> EXERCISE
Restate word for word the lines below that run from the one holding "The spacious Flow" through the one holding "- Huntington carries", inclusive. Pictures don't belong in the copy.

(Stored dataset items)
++++++

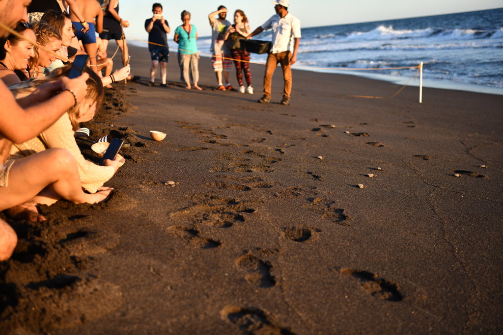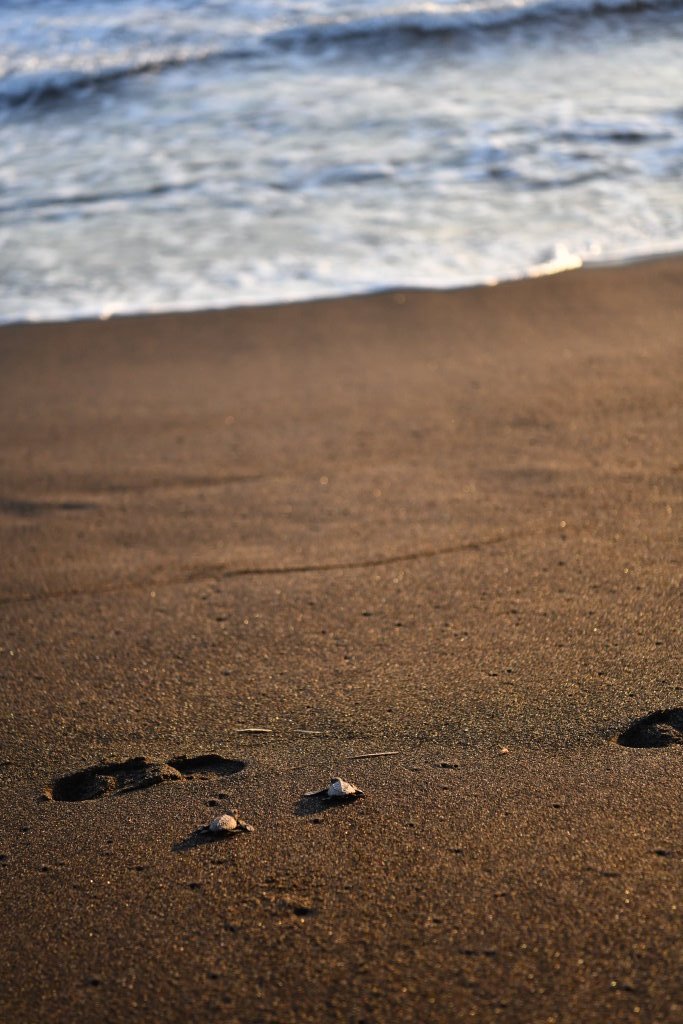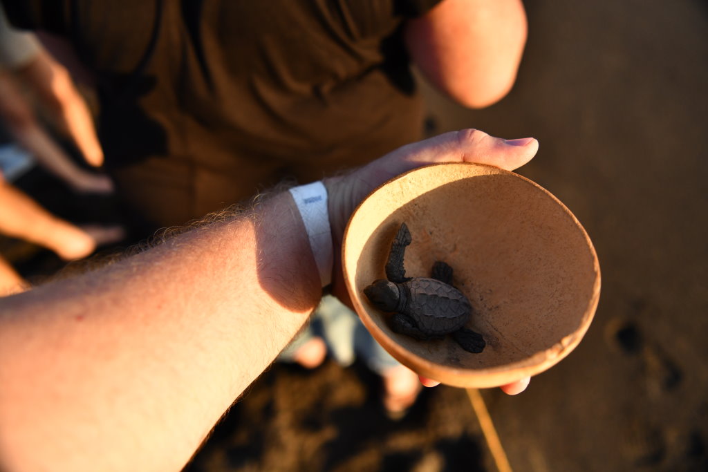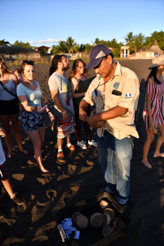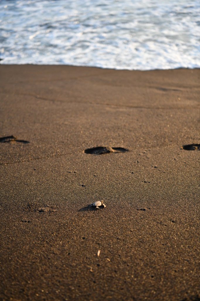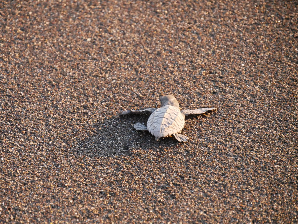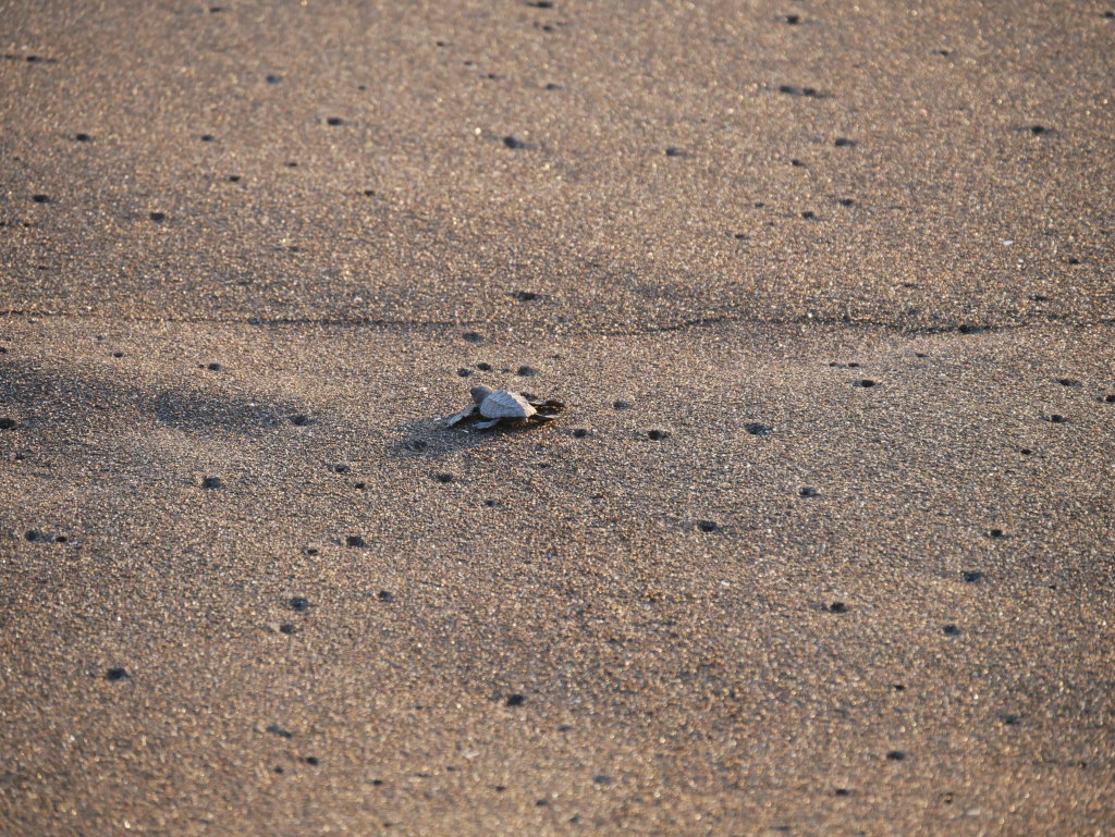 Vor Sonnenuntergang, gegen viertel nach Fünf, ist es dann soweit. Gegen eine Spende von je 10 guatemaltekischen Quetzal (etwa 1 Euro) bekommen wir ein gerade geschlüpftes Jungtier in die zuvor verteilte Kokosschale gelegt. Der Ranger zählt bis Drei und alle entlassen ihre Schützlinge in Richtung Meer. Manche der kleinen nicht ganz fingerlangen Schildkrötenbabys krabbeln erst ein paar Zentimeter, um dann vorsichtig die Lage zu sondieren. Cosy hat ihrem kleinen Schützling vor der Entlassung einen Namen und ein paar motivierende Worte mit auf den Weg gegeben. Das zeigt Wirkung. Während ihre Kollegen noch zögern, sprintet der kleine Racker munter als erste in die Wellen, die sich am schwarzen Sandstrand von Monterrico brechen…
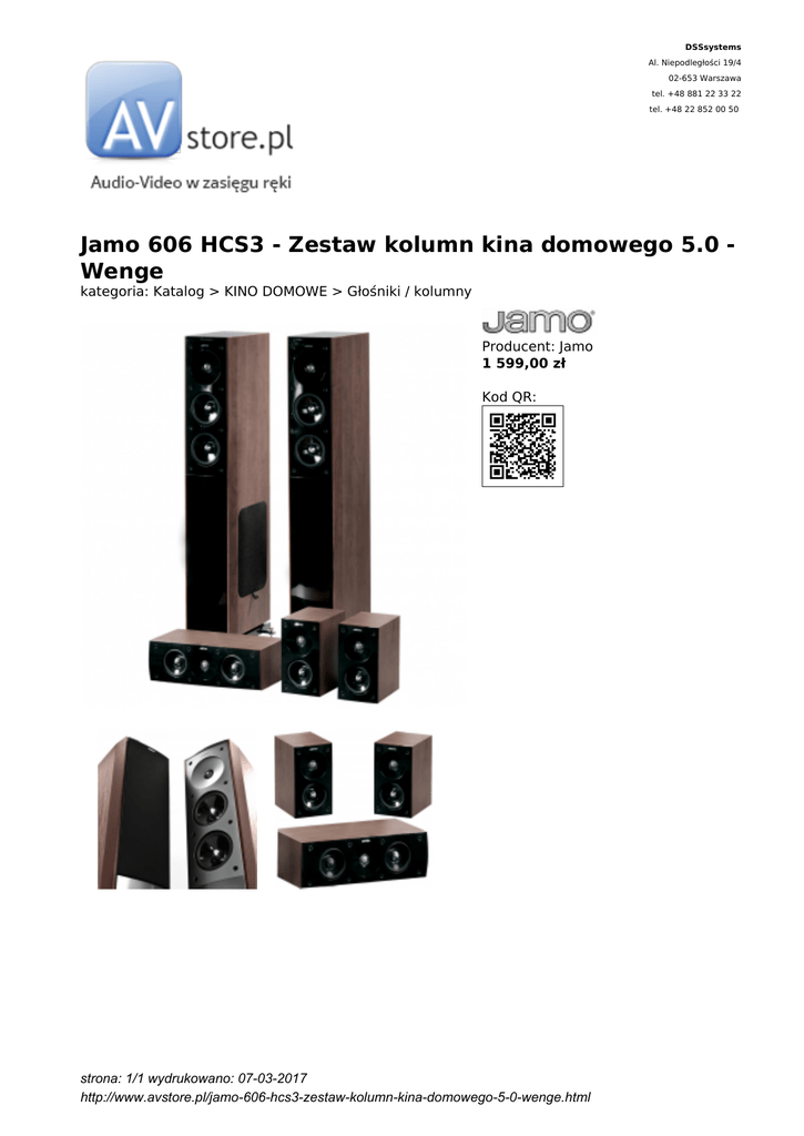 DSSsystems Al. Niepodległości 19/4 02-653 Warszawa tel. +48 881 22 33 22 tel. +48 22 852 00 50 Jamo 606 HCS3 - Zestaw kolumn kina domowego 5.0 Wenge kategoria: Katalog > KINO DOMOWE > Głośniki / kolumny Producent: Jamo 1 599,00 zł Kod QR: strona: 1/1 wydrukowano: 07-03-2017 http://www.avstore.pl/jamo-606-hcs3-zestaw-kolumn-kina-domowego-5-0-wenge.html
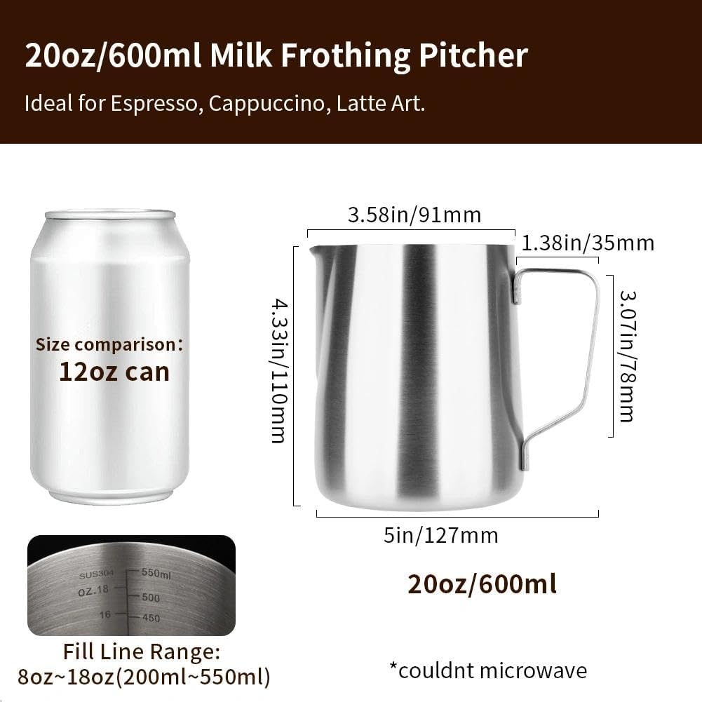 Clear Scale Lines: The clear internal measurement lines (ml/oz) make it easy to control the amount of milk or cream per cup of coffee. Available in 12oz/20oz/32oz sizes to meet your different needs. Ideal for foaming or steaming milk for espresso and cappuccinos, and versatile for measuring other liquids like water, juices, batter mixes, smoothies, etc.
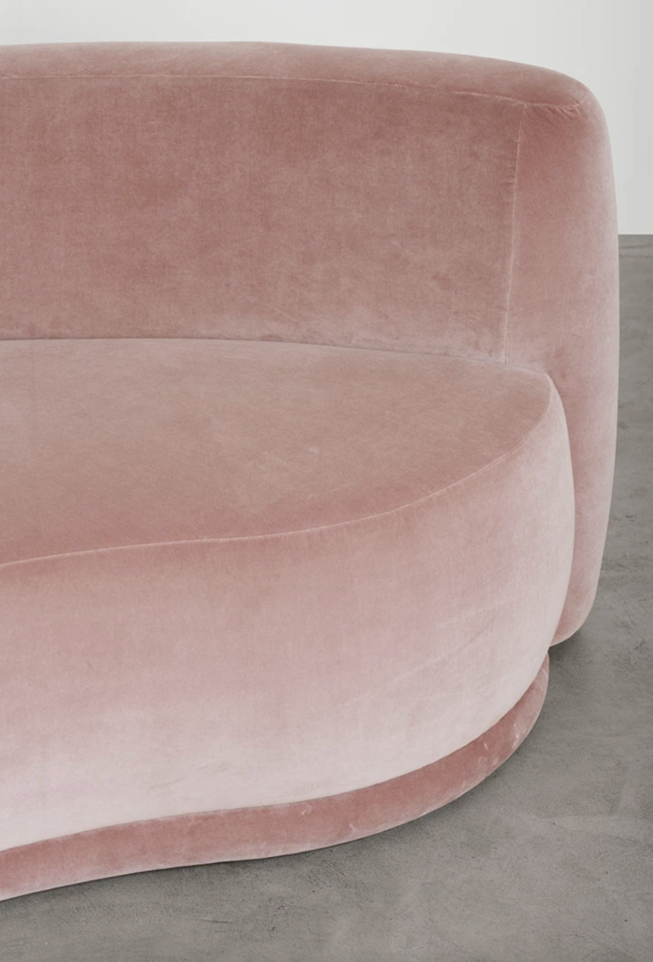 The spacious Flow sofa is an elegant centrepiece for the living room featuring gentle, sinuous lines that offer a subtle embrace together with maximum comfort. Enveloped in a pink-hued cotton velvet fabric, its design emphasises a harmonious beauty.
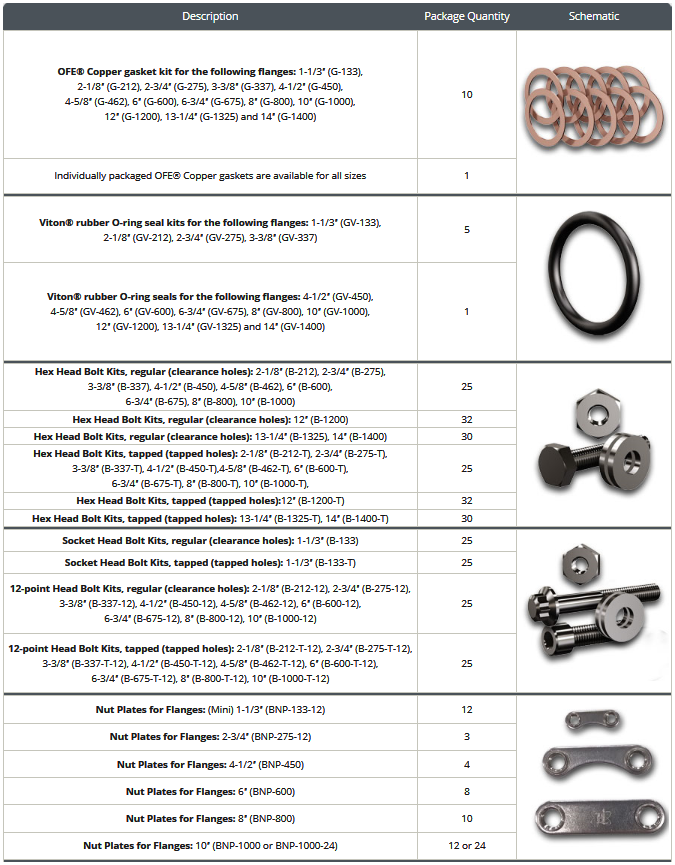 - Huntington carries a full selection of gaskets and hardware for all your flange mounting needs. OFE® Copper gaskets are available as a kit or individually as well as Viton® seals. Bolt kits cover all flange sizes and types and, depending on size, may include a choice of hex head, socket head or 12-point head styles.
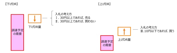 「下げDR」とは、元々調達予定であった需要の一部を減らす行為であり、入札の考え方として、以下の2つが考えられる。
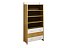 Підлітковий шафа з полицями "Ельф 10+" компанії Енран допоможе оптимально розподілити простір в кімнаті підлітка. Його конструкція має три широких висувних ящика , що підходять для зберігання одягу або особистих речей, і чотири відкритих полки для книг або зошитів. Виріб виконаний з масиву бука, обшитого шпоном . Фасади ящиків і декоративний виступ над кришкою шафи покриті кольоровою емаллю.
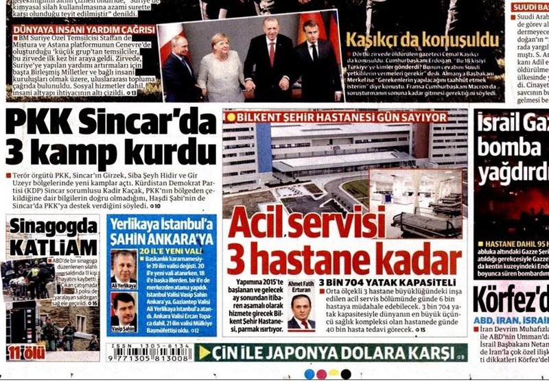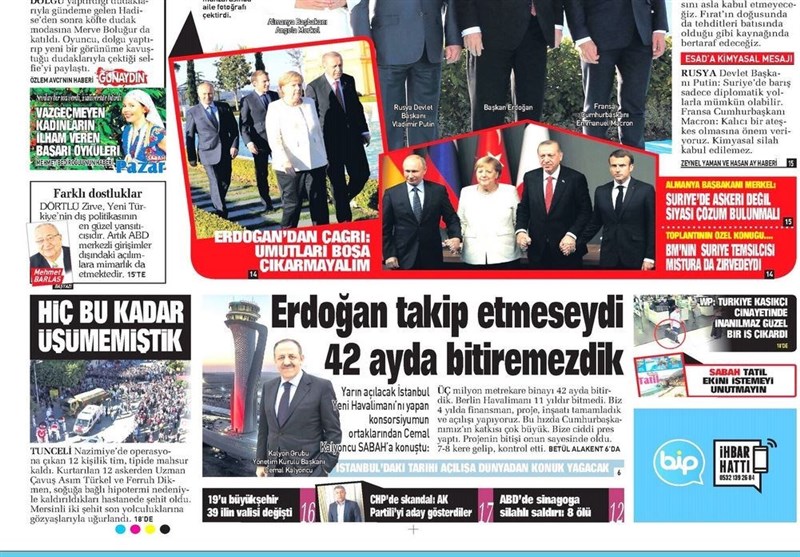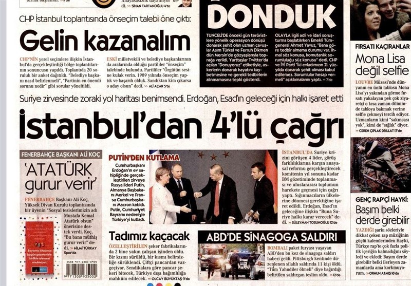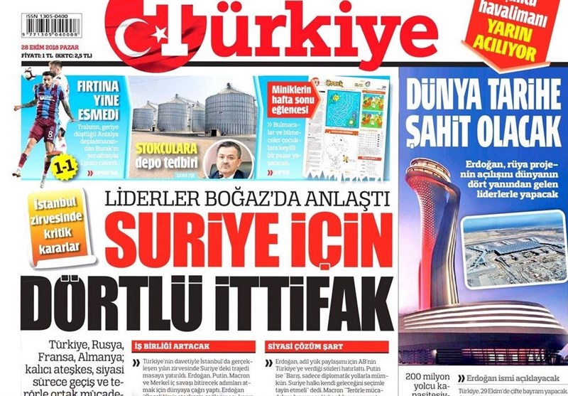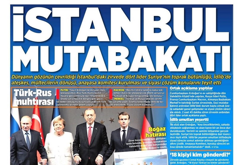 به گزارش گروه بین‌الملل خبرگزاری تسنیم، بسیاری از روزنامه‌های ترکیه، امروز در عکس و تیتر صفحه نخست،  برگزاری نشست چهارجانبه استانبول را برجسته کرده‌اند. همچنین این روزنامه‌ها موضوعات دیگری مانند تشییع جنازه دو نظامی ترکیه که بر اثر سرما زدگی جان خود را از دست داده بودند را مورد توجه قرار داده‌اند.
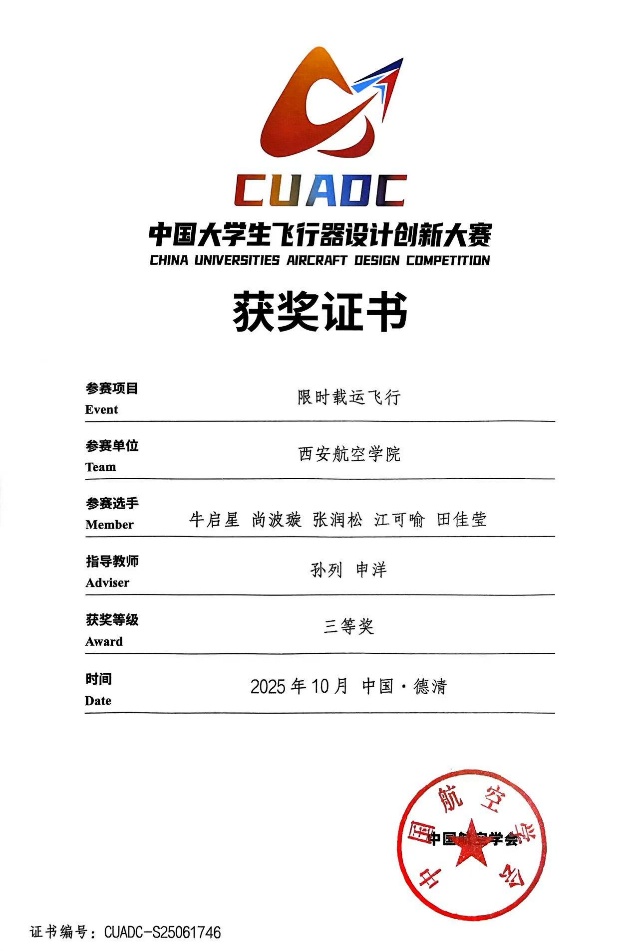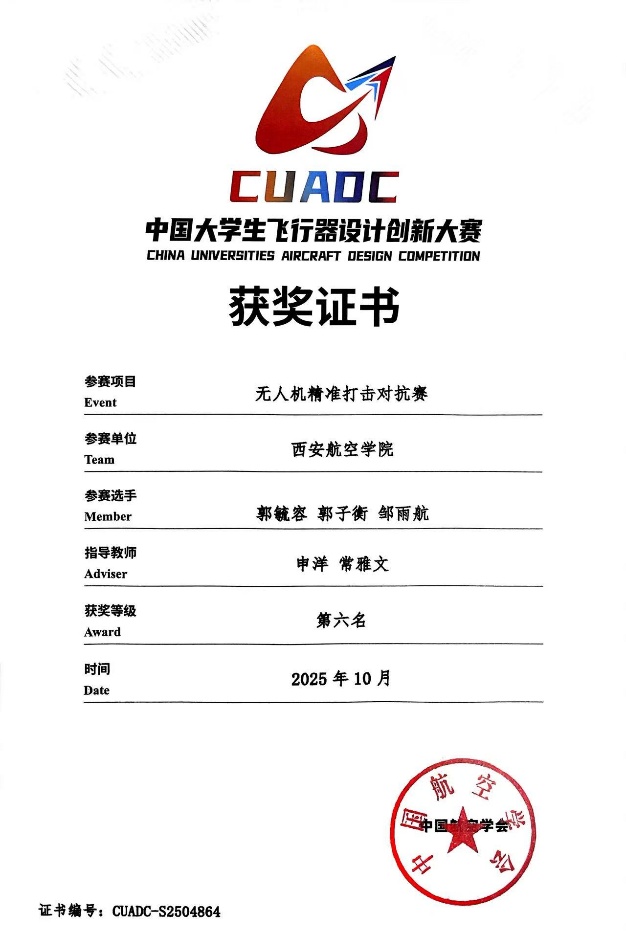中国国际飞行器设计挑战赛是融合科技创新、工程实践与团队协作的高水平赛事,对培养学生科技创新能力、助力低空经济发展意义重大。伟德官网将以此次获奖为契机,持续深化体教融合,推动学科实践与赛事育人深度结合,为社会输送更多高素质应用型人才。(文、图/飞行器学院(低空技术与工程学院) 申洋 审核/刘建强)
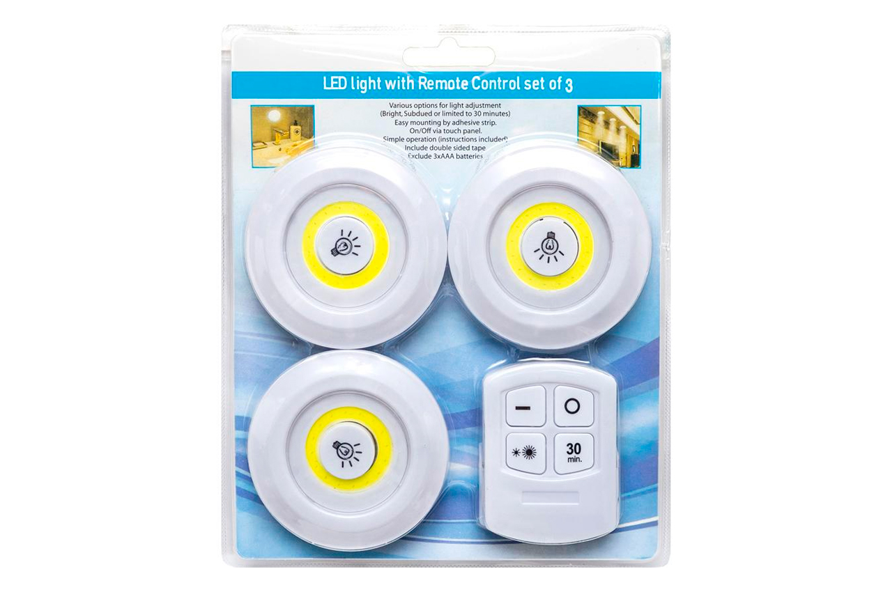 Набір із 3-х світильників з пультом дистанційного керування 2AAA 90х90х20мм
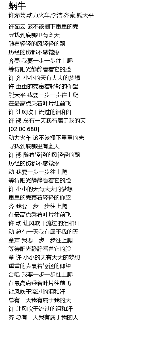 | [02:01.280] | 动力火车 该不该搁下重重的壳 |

++++++

> RESULT OF THE TASK
 The spacious Flow sofa is an elegant centrepiece for the living room featuring gentle, sinuous lines that offer a subtle embrace together with maximum comfort. Enveloped in a pink-hued cotton velvet fabric, its design emphasises a harmonious beauty.
 - Huntington carries a full selection of gaskets and hardware for all your flange mounting needs. OFE® Copper gaskets are available as a kit or individually as well as Viton® seals. Bolt kits cover all flange sizes and types and, depending on size, may include a choice of hex head, socket head or 12-point head styles.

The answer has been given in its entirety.